As staff writer for Scientific American, John Horgan has a window on contemporary science unsurpassed in all the world. Who else routinely interviews the likes of Lynn Margulis, Roger Penrose, Francis Crick, Richard Dawkins, Freeman Dyson, Murray Gell-Mann, Stephen Jay Gould, Stephen Hawking, Thomas Kuhn, Chris Langton, Karl Popper, Stephen Weinberg, and E.O. Wilson, with the freedom to probe their innermost thoughts?

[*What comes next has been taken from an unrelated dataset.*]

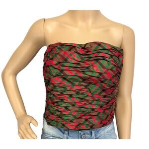 Marisa Baratelli Pure Silk Plaid Bustier Top Holiday Christmas Corset One Size
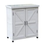 小型の木製収納庫で、屋外に最適な天然杉製。防水性があり、観音開きで使いやすく、棚板付き。ガーデンシェッドや倉庫としても利用可。オフホワイトのデザインが特徴。

In The End Of Science, Horgan displays his genius for getting these larger-than-life figures to be simply human, and scientists, he writes, ”are rarely so human…so at ther mercy of their fears and desires, as when they are confronting the limits of knowledge.” This is the secret fear that Horgan pursues throughout this remarkable book: Have the big questions all been answered? Has all the knowledge worth pursuing become known? Will there be a final ”theory of everything” that signals the end? Is the age of great discoverers behind us? Is science today reduced to mere puzzle solving and adding details to existing theories? Horgan extracts surprisingly candid answers to there and other delicate questions as he discusses God, Star Trek, superstrings, quarks, plectics, consciousness, Neural Darwinism, Marx’s view of progress, Kuhn’s view of revolutions, cellular automata, robots, and the Omega Point, with Fred Hoyle, Noam Chomsky, John Wheeler, Clifford Geertz, and dozens of other eminent scholars.

The resulting narrative will both infuriate and delight as it mingles Horgan’s smart, contrarian argument for ”endism” with a witty, thoughtful, even profound overview of the entire scientific enterprise. Scientists have always set themselves apart from other scholars in the belief that they do not construct the truth, they discover it. Their work is not interpretation but simple revelation of what exists in the empirical universe. But science itself keeps imposing limits on its own power. Special relativity prohibits the transmission of matter or information as speeds faster than that of light; quantum mechanics dictates uncertainty; and chaos theory confirms the impossibility of complete prediction.

Meanwhile, the very idea of scientific rationality is under fire from Neo-Luddites, animal-rights activists, religious fundamentalists, and New Agers alike. As Horgan makes clear, perhaps the greatest threat to science may come from losing its special place in the hierarchy of disciplines, being reduced to something more akin to literary criticism as more and more theoreticians engage in the theory twiddling he calls ”ironic science.” Still, while Horgan offers his critique, grounded in the thinking of the world’s leading researchers, he offers homage too. If science is ending, he maintains, it is only because it has done its work so well.